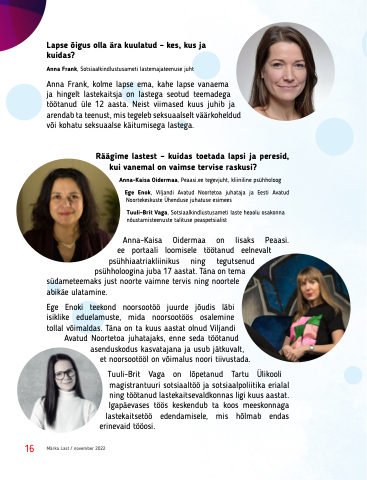 ja hingelt lastekaitsja on lastega seotud teemadega töötanud üle 12 aasta. Neist viimased kuus juhib ja arendab ta teenust, mis tegeleb seksuaalselt väärkoheldud või kohatu seksuaalse käitumisega lastega.
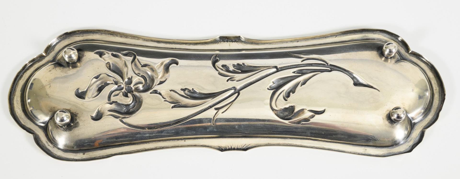 Elegant pen tray with iris in relief. 2 ball feet minimally compressed.
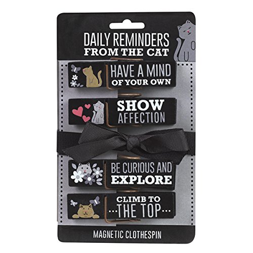 4 DAILY Reminders From the CAT = Clothespin Refrigerator Magnets with Inspirational Sayings "SHOW Affection" "CLIMB to the TOP" "Be Curious and EXPLORE" etc. GIFT Kitten
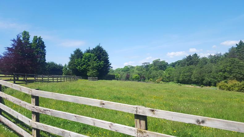 The 16.5 acres of land is divided up into a number of post and rail paddocks that are bounded by a natural stream.
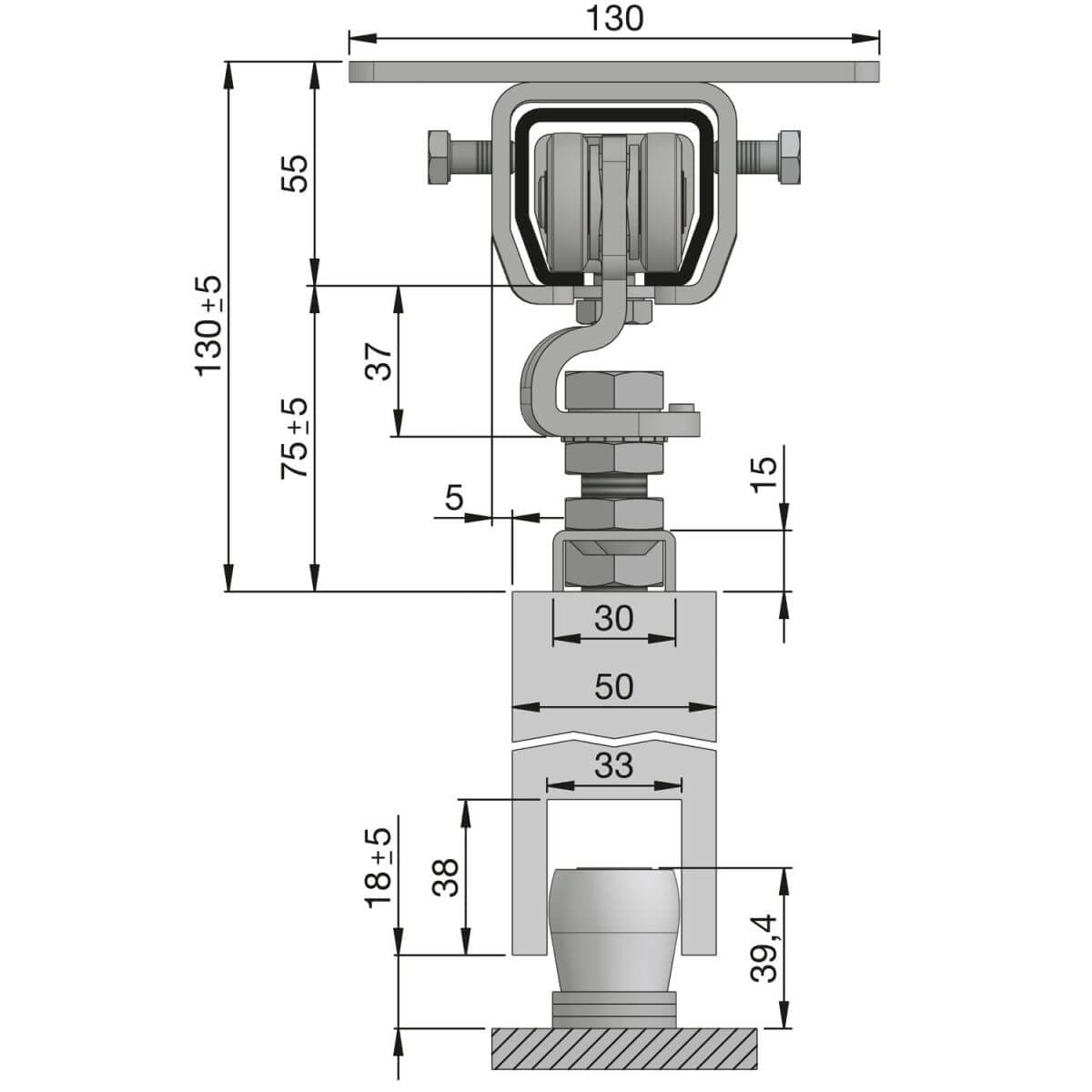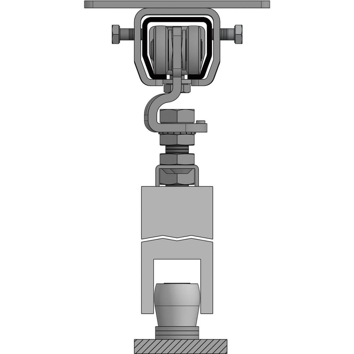 Kit de ferrures de porte coulissante Helm pour fixation au plafond 4000 mm Capacité de charge 200 - 400 kg
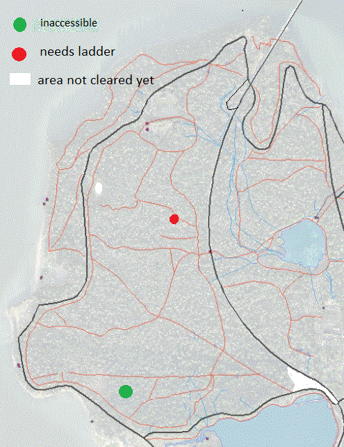 The Green dot on the map is a large area just north of the north east corner of the blowdown area. I found it in 2014 just after switching priorities from Ivy to Blackberries, so it was low priority. But now access is completely blocked with regrowth. I don't see that changing for a decade.
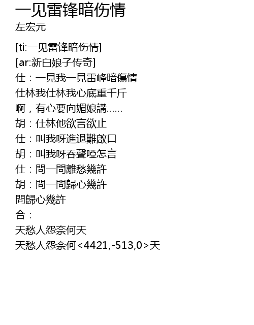 | [00:00.856] | 仕:一見我一見雷峰暗傷情 |
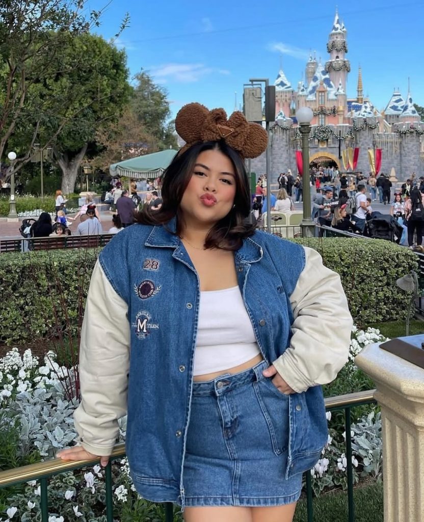 This outfit shines during December celebrations, winter Christmas parties, and evening parades when the air cools. The vibrant jacket taps into vintage varsity trends that have resurfaced across Disney streetwear collections. To enhance personality, add glitter eyeliner or pearl hairpins. Avoid bulky scarves that could clutter the neckline—opt for subtle layering instead. The entire look feels wonderfully spirited, perfect for anyone leaning into joyful fantasy.
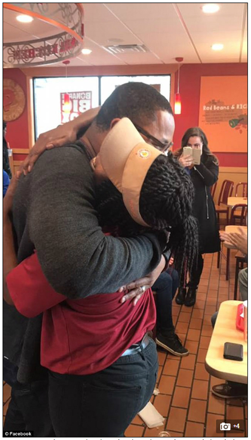 | 미국 미주리주 캔자스시티 전직 경찰관 도널드 카터가 간호조무사 준비 중이라는 패스트푸드점 아르바이트생 메이스의 사연을 최근 알고는 모금운동 사이트에서 네티즌 도움을 청했다가 목표액 두 배가 넘는 돈을 모아 화제다. 영국 데일리메일 캡처. |
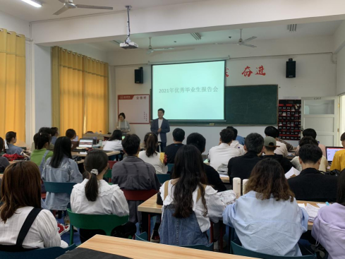 为深入推进党史学习教育,激励和指导大学生尽早树立人生目标,5月11日,美术与设计学院邀请2014届优秀毕业生刘健返校,在教学楼C102教室举办了“志存高远逐梦前行”为主题的优秀毕业生返校汇报会,就自己参加工作后的体会,结合其在校的学习,与同学们进行分享。
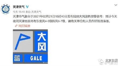 津冀发布大风、寒潮蓝警,21日下午津、冀地区先后发布了大风蓝色预警和寒潮蓝色预警。
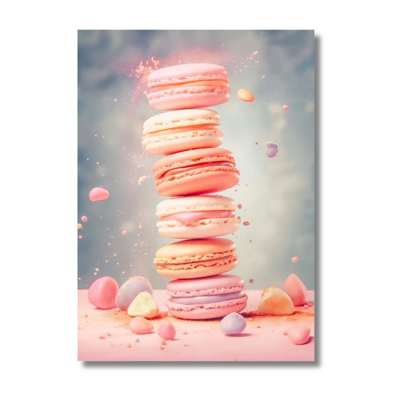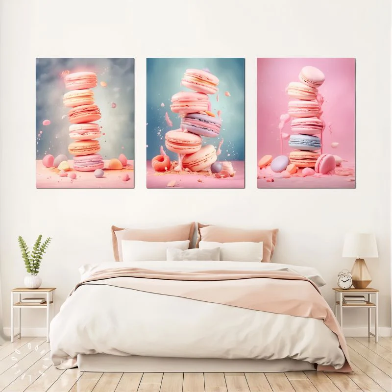 Ajoutez une touche de douceur à votre décoration murale avec ce magnifique ensemble de tableaux macarons. Chaque toile montre une tour de macarons aux couleurs pastel, un mélange entre art et gourmandise. Les nuances de rose, de bleu et de crème se mêlent harmonieusement pour évoquer des sensations de légèreté et de plaisir sucré. Parfait pour décorer votre cuisine, salon ou salle à manger, cet ensemble apporte une ambiance joyeuse. Les détails et les couleurs de ces tableaux macarons éveillent les sens et ajoutent une touche d’élégance de la pâtisserie française à votre décoration intérieure. Une véritable célébration de la gourmandise et de la beauté.
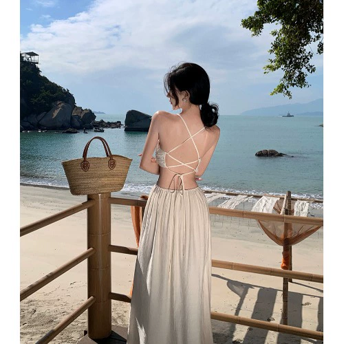 Sanya Bali Slim Beach Dress Strappy Backless Suspender Dress Feminine Pure Desire Seaside Vacation Long Dress
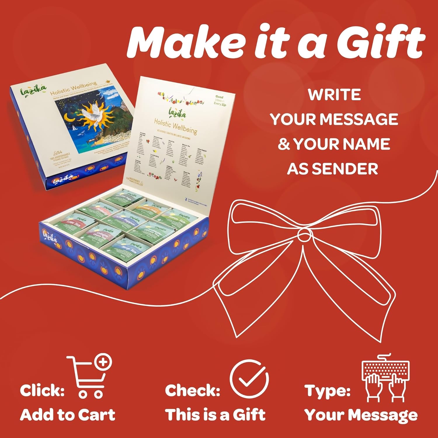 Lazika Herbal Tea Variety Pack, Holistic Wellbeing Tea Assortment, Tea Sampler Gift Set, Assorted Tea Variety Pack with Pyramid Tea Bags, Herbal Teas, Tea Gift Set, 54 Counts
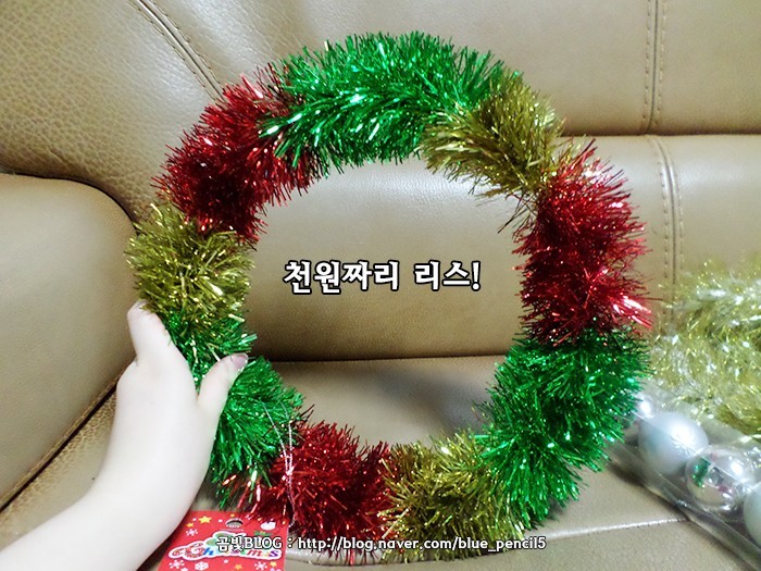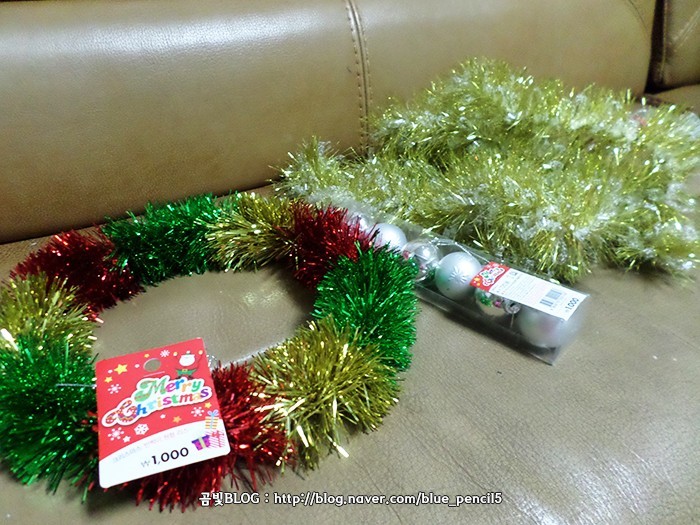 그리고 볼과 함께 꾸미기위해 구입한 천원짜리 크리스마스 트리 장식입니다!

**WORK TASK:** Exact repeats of the lines from the first one in the data through the line containing "This outfit shines" make up the answer. Pictures do not.

**ANSWER TO THE EXERCISE:**
 ja hingelt lastekaitsja on lastega seotud teemadega töötanud üle 12 aasta. Neist viimased kuus juhib ja arendab ta teenust, mis tegeleb seksuaalselt väärkoheldud või kohatu seksuaalse käitumisega lastega.
 Elegant pen tray with iris in relief. 2 ball feet minimally compressed.
 4 DAILY Reminders From the CAT = Clothespin Refrigerator Magnets with Inspirational Sayings "SHOW Affection" "CLIMB to the TOP" "Be Curious and EXPLORE" etc. GIFT Kitten
 The 16.5 acres of land is divided up into a number of post and rail paddocks that are bounded by a natural stream.
 Kit de ferrures de porte coulissante Helm pour fixation au plafond 4000 mm Capacité de charge 200 - 400 kg
 The Green dot on the map is a large area just north of the north east corner of the blowdown area. I found it in 2014 just after switching priorities from Ivy to Blackberries, so it was low priority. But now access is completely blocked with regrowth. I don't see that changing for a decade.
 | [00:00.856] | 仕:一見我一見雷峰暗傷情 |
 This outfit shines during December celebrations, winter Christmas parties, and evening parades when the air cools. The vibrant jacket taps into vintage varsity trends that have resurfaced across Disney streetwear collections. To enhance personality, add glitter eyeliner or pearl hairpins. Avoid bulky scarves that could clutter the neckline—opt for subtle layering instead. The entire look feels wonderfully spirited, perfect for anyone leaning into joyful fantasy.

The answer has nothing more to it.